Thanks, that makes sense.
Two potential solutions I can think of to speed things up with the current setup: 1) parallelize with
foreach
anddoParallel
, or 2) port the current functions toRcpp
Eigen. I'd think the second option is preferred since the package already suggestsrstan
which importsRcpp
Yeah right now I can't think of any other good options. But I think as a first step it makes sense to add an argument to the existing function that uses the slow boundary corrected version using just R code. We can leave the current version as the default and document that turning on boundary correction is preferable but slow. Once we have that we can then figure out the best way to speed it up and eventually if it's fast enough we can just make it the default (and probably remove the old way). But this way we at least have the option of using the boundary corrected version in the meantime while we figure out a better way.
What do you think?
Yeah right now I can't think of any other good options. But I think as a first step it makes sense to add an argument to the existing function that uses the slow boundary corrected version using just R code. We can leave the current version as the default and document that turning on boundary correction is preferable but slow. Once we have that we can then figure out the best way to speed it up and eventually if it's fast enough we can just make it the default (and probably remove the old way). But this way we at least have the option of using the boundary corrected version in the meantime while we figure out a better way.
What do you think?
@jgabry I think you're right and this approach is the least disruptive while adding this feature.

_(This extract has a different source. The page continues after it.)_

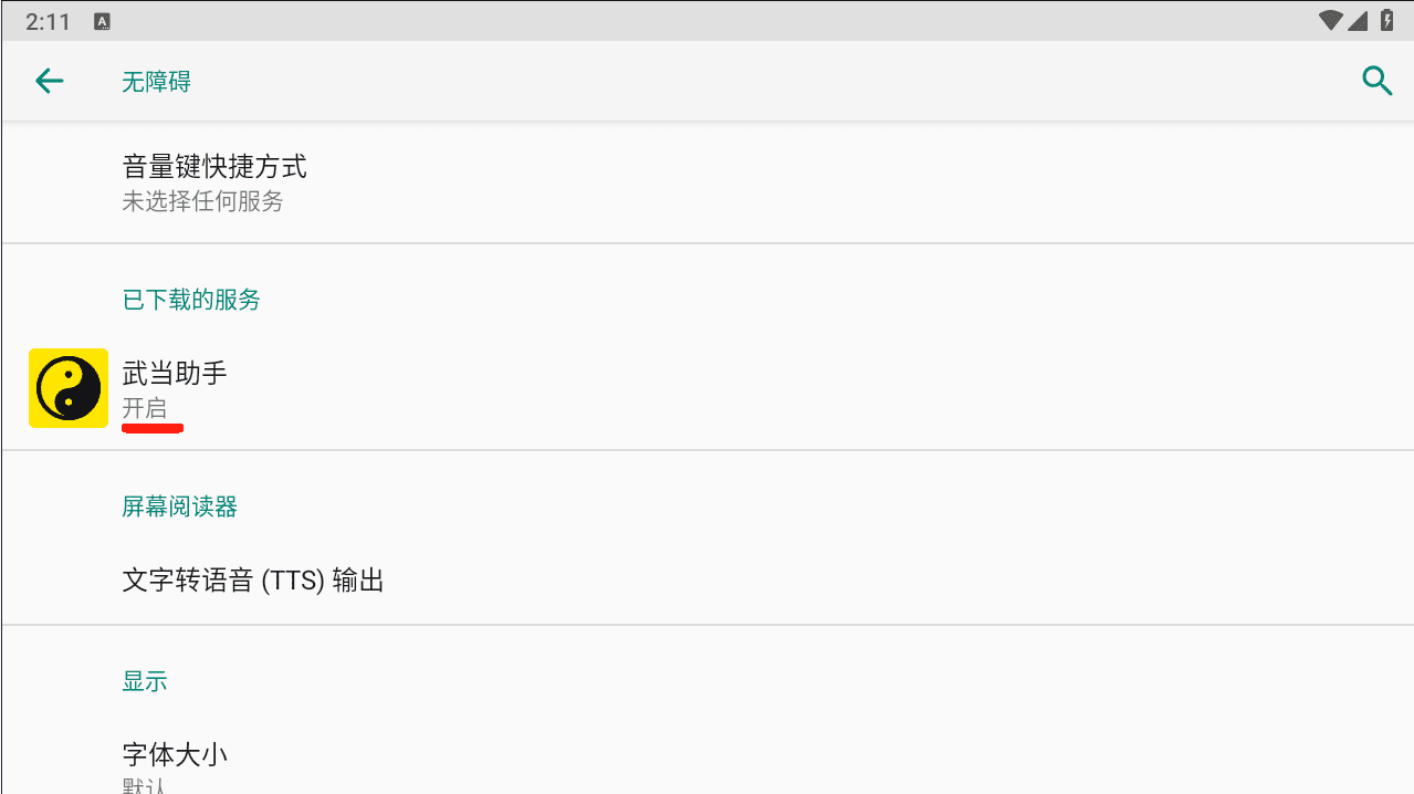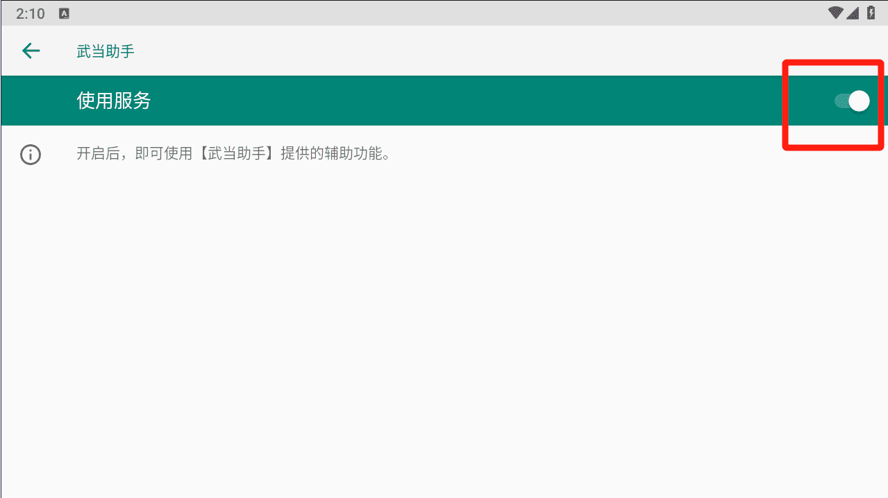 开启后状态如下图所示,成功后,按返回键盘回到武当首页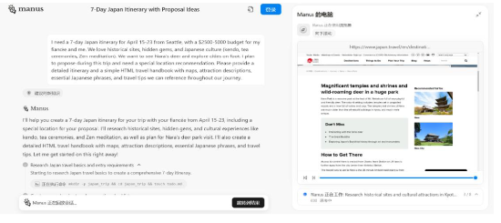 此外,Manus 支持文本、文档、压缩包等多种类型的输入。在指令发出后,Manus 能够在虚拟机内自行配置和使用终端、编辑器、浏览器等工具,完全自主地实现复杂任务的拆解、规划与异步执行。在执行期间,页面左侧显示有系统当前的运行状态,右侧则显示正在访问的页面或整体进度。由于 Manus 是在云中异步工作的,一方面用户可以同时运行多个 Manus 会话,并行执行不同任务;同时用户也可以在任务执行过程中关闭计算机,Manus 将在后台继续运行,并且会在任务完成后发送通知。此外,Manus 也支持任务执行过程中的实时交互。

I'll create a branch and set up a pull request. Would you mind giving me permission to set up a branch and push changes there?
I'll set up the bc_dunif
, bc_pvals
and generate_bc_runifs
functions under the # internal ----
section in ppc-loo.R
to keep things tidy and emulate your current coding style.
I think you don't need that double loop, but you can just use directly those runif values for the density estimation for the reference lines.
I think you don't need that double loop, but you can just use directly those runif values for the density estimation for the reference lines.
@avehtari I think I see what you're saying, let me give it a try.
@avehtari You were right, I removed one loop and it now takes ~10 secs for 600 obs and ~20 secs for 1k obs. Still not optimal, but better (for context, the ~25 sec time I mentioned earlier was for 600 obs ).
I can't think of anything else top of mind on how to speed it further without C++ or parallelization.
The main bottleneck is in the vapply
on the updated method in the link below (@jgabry I did some profiling and this seems to take ~70% of the overall compute time)
https://github.com/ecoronado92/towards_data_science/blob/master/hierarchical_models/bayes_lmm/loo_pit_example/bc_density.R
You were right, I removed one loop and it now takes ~10 secs for 600 obs
Good
I can't think of anything else top of mind on how to speed it further without C++ or parallelization.
Based on quick look of the code, I agree with this. Too bad that R is so slow. Anyway, great to have this even if it's slow, and we soon(ish) have something faster based on ecdfs.